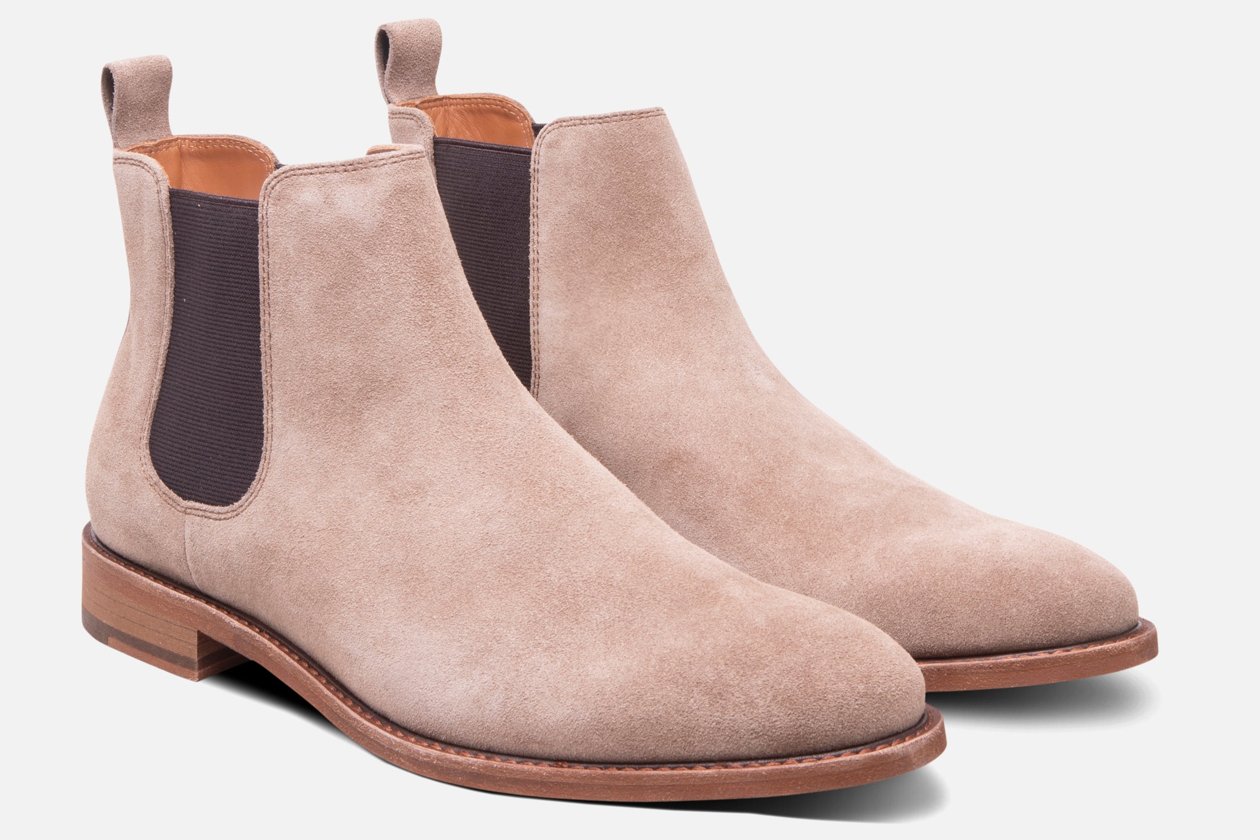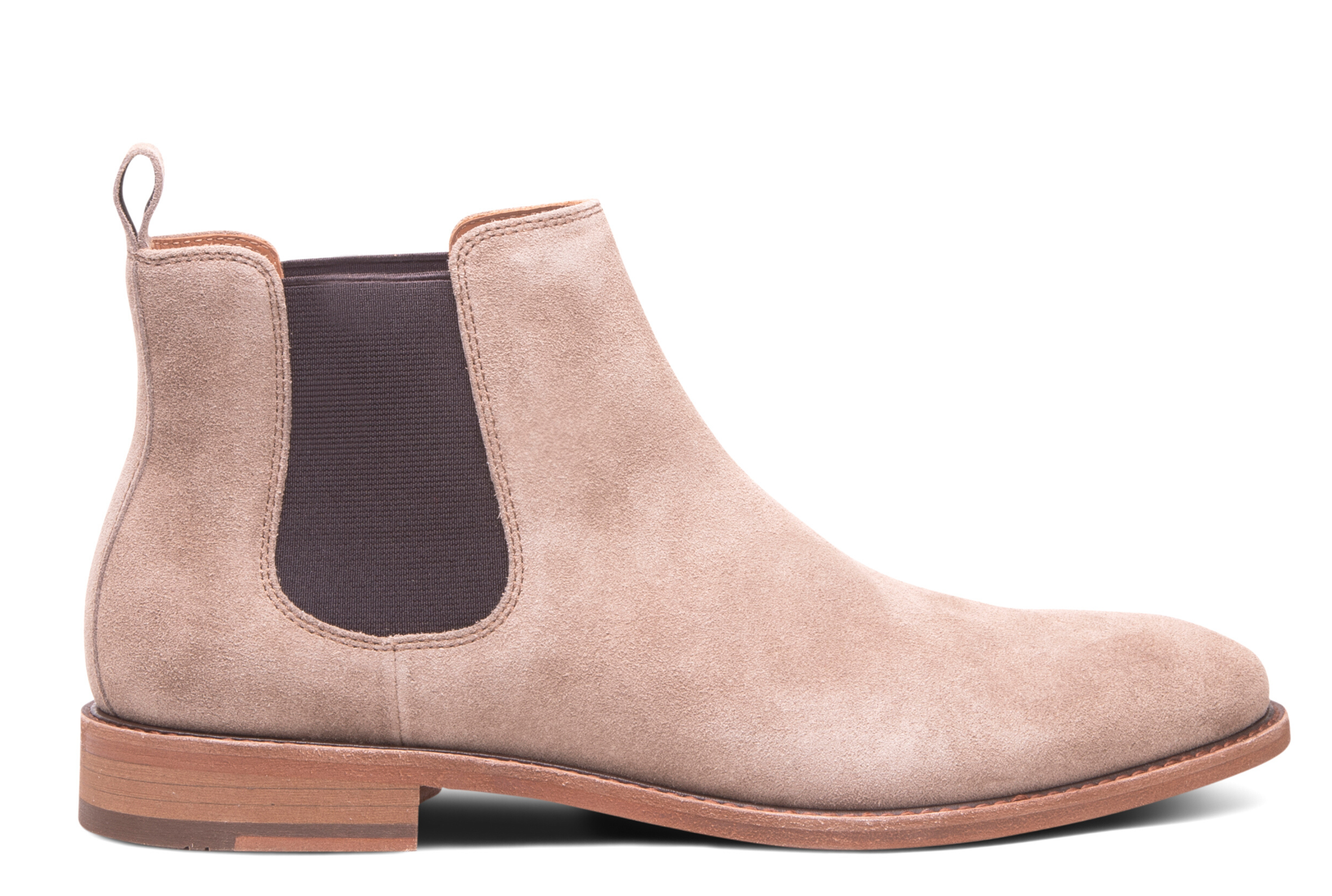 A sleek Chelsea boot made with a soft, premium suede upper and calfskin lined for breathability.   A removable OrthoLite® cushioned insole, and twin gore webbing that makes slipping on a cinch.  Full leather outsole with Blake construction makes this well crafted boot resoleable.  Genuine leather welt for added detail and flexibility.
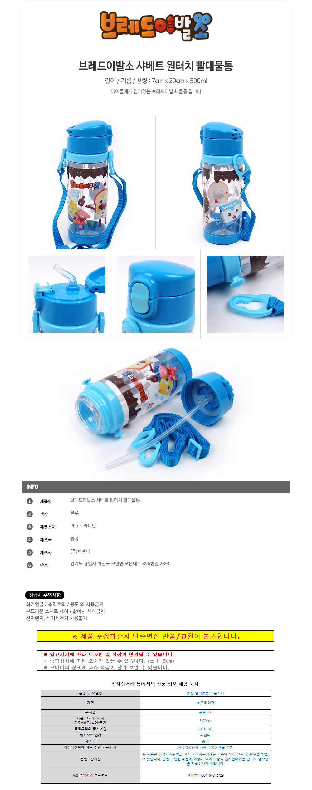 피앤디 브레드이발소 샤베트 원터치 빨대물통/BK
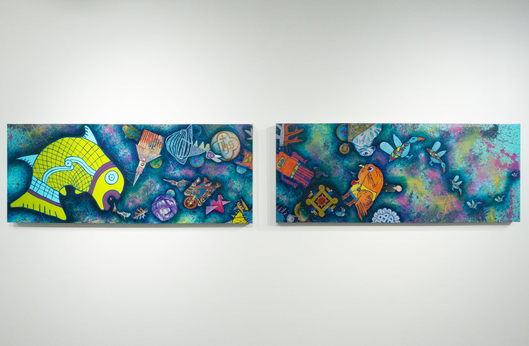 Erin Shaw is a painter of borderlands, the spaces between worlds. As a visual storyteller, the child of an Oklahoma farm, Shaw tills the rich soil of dichotomy through her masterful uses of color, iconography, and story. As a Chickasaw-Choctaw artist, she creates in a state of tension, suspended between two worlds where both solemnity and humor pervade her art. She finds that truths are revealed in unanticipated ways, and trickster often appears throughout her work. The artist earned her BFA in studio art from Baylor University and her MFA from the University of Oklahoma. She is Assistant Professor of Visual Arts at John Brown University in Siloam Springs, AR, an international speaker, and a featured artist in Visual Voices: Contemporary Chickasaw Art, among other exhibits in the U.S.
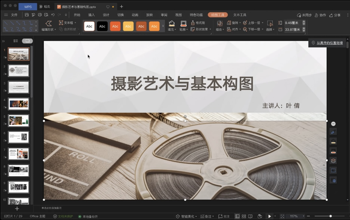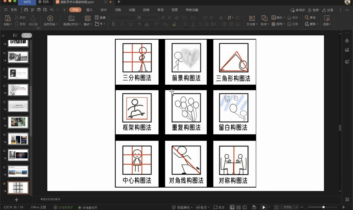 关于构图技巧,叶老师分别从画幅选择、构图技法、摄影构图等方面展开讲解,主要强调了“井”字构图法、几何中心构图法、平衡构图三种方式。

+++

Work to complete:
Write out the data in full and exactly as given, though without the images.

Final answer:
 A sleek Chelsea boot made with a soft, premium suede upper and calfskin lined for breathability.   A removable OrthoLite® cushioned insole, and twin gore webbing that makes slipping on a cinch.  Full leather outsole with Blake construction makes this well crafted boot resoleable.  Genuine leather welt for added detail and flexibility.
 피앤디 브레드이발소 샤베트 원터치 빨대물통/BK
 Erin Shaw is a painter of borderlands, the spaces between worlds. As a visual storyteller, the child of an Oklahoma farm, Shaw tills the rich soil of dichotomy through her masterful uses of color, iconography, and story. As a Chickasaw-Choctaw artist, she creates in a state of tension, suspended between two worlds where both solemnity and humor pervade her art. She finds that truths are revealed in unanticipated ways, and trickster often appears throughout her work. The artist earned her BFA in studio art from Baylor University and her MFA from the University of Oklahoma. She is Assistant Professor of Visual Arts at John Brown University in Siloam Springs, AR, an international speaker, and a featured artist in Visual Voices: Contemporary Chickasaw Art, among other exhibits in the U.S.
 关于构图技巧,叶老师分别从画幅选择、构图技法、摄影构图等方面展开讲解,主要强调了“井”字构图法、几何中心构图法、平衡构图三种方式。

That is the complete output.